Esta situación le condenaba a un ostracismo social digno de Napoleón en Santa Elena. ¿Realmente se merecía todo esto? Al menos el enano francés se lo había ganado a pulso pero, ¿es posible la condena cuando no hay amago de mala intención? ¿Acaso se puede condenar a alguien por una tara, sea ésta física o mental cuando es involuntaria? 

Mientras duró todo esto decidió que lo más prudente sería quedarse en casa, intentando no aprender de nadie ni de nada, para no quedarse con la información que no le correspondía como un vulgar ladronzuelo. Pasaba sus días cocinando, haciendo deporte, descansando y escribiendo sobre lo aprendido – lo cual era mucho- durante todos esos años.  

Echaba de menos el cine, una buena película. Pero la industria le había amenazado ya que temían por las consecuencias del guión original, así que era imposible poder disfrutar de nada de todo eso. Es cierto que tuvo alguna oferta para ver ciertos programas de telebasura y borrarlos de una vez de la faz de la Tierra, pero pronto se dio cuenta de que no le sería posible vivir con esa toxicidad mental. No era un triturador de basura, sino una persona que aprendía de los demás.  

Depende de cómo lo vea, según el momento vital en que recuerdo esta historia o la perspectiva con que la afronto, veo a Edgar como víctima o verdugo. Es como aquel viejo juego de la botella medio vacía. A veces me apena y otras me enfurece pero, lo que más hago es no intentar pensar demasiado en ello por cuidado mental propio.  
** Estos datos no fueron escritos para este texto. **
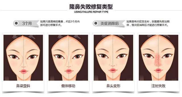 隨著整形美容的發(fā)展,隆鼻成為了拯救塌鼻子的方案,受到廣大愛美人士的青睞。然而萬千成功的隆鼻手術(shù)中也不乏有失敗和對術(shù)后效果不滿意的案例,其中,造成隆鼻失敗的原因主要包括注射不合格材料、術(shù)后嚴重的排異反應(yīng)、假體穿出、鼻假體輪廓顯露等等;而對于術(shù)后效果不滿意的求美者來說,如有需求也可以將填充材料取出或重新植入??傊?,不成功的隆鼻手術(shù)不僅打擊了求美者的自信心,更隨之帶來了極大的痛苦。
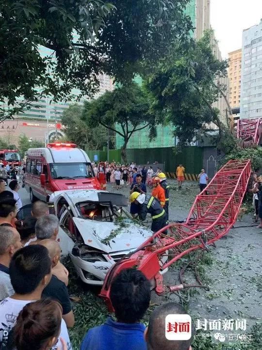 8月7日,在紧邻成都春熙路的暑袜中街一工地塔吊发生倒塌,倒塌的塔吊砸中了路过的轿车,因为塔吊的体积大白色轿车直接被砸扁了。
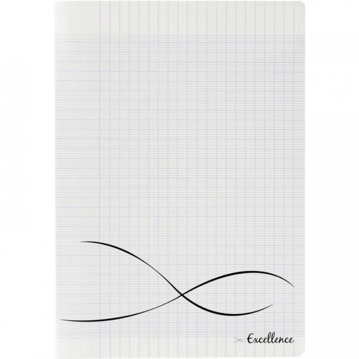 Piqûre 96 pages EXCELLENCE, format 24x32 cm, seyès, couverture polypropylène incolore. Couverture en polypropylène semi-rigide. Papier blanc 90g. Cahier résistant et écologique certifié PEFC.
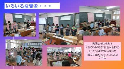 音楽の時間に,いろいろな楽器を使って発表会を行いました。
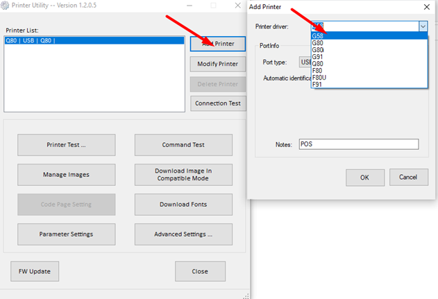 Добавляем нужную модель принтера.
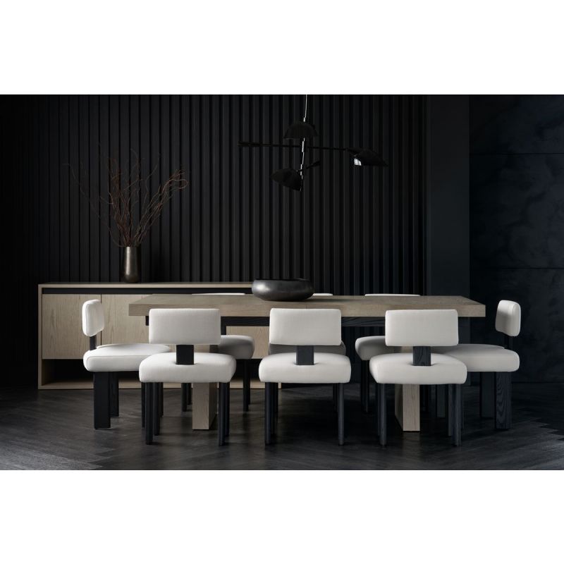 A fusion of modern form and cozy luxury, this dining chair invites guests to linger around the table. Its contemporary design features an ash veneer frame and back splat in a dramatic Basalt finish, softly contrasted by a neutral linen fabric for added style and indulgence. Pair with our Luis dining table for a simple yet sophisticated aesthetic.
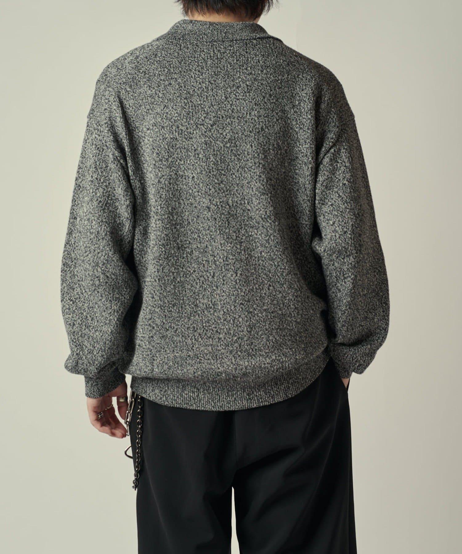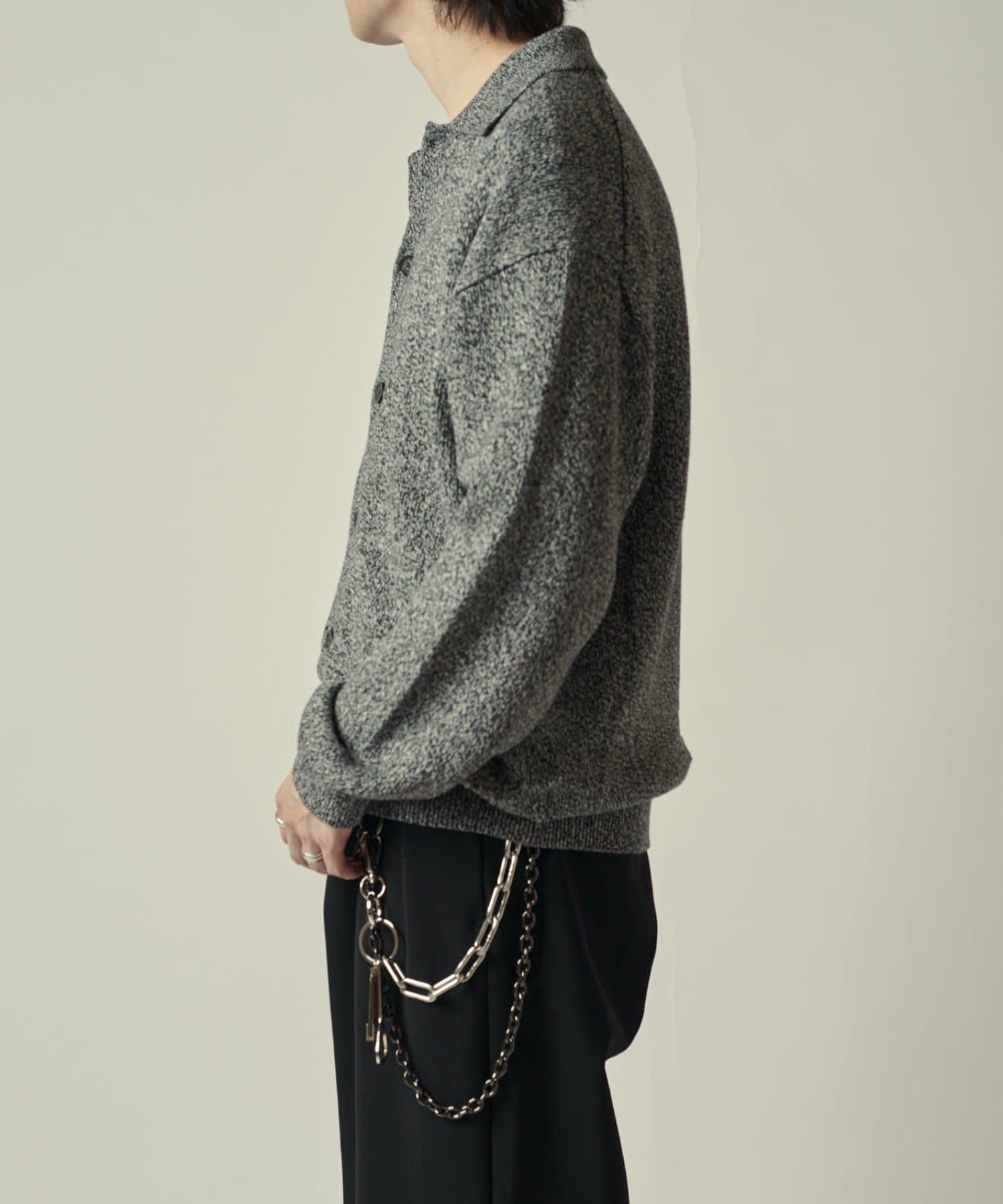 這款針織襯衫開衫採用芝麻鹽般的斑點圖案。寬大的廓形,相對於長度,衣身寬度稍寬。
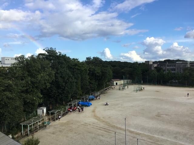 現在進行中の「中原レインボープロジェクト」ですが、パンフレット制作に向けて、美術部の3年生が写真を選択したり、撮影したりしてくれています。そのうちの一枚がこれ。校舎から虹が見えているのがわかるでしょうか。素敵な一枚です。
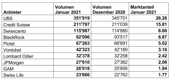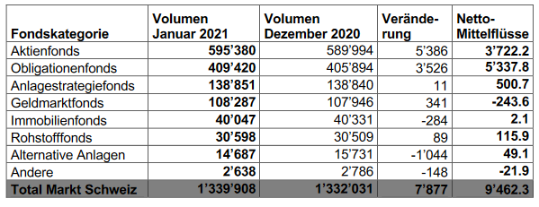 Die Anlegerinnen und Anleger in der Schweiz vertrauten der Fondsindustrie im Januar 2021 1’339’908 Mio. CHF (DezemberB2020: 1’332’031 Mio. CHF) an. „Im Berichtsmonat war an den Finanzmärkten ein leichter Rückgang zu verzeichnen.

Por supuesto yo fui uno de los que me alejé de inmediato al ver que iba perdiendo experiencias e ideas personales, las cuales creo que en parte recuperé gracias al diario. No sé nada de él, ni donde está, ni dónde vive ni qué ha hecho con su vida. He vuelto a pensar en todo esto por una simple casualidad. Hace unos días que alguien me habló de él. Parece que lo habían visto paseando cariñosamente con lo que parecía ser su novia. Una preciosidad que bien podría haber sacado de Instagram, una monada con todo tipo de detalle estudiado, pensado y ensayado para lucir perfecta. Quizá sea eso lo único que le interese. Y hace bien, porque con un novio así dudo que pueda retener algo más que su belleza.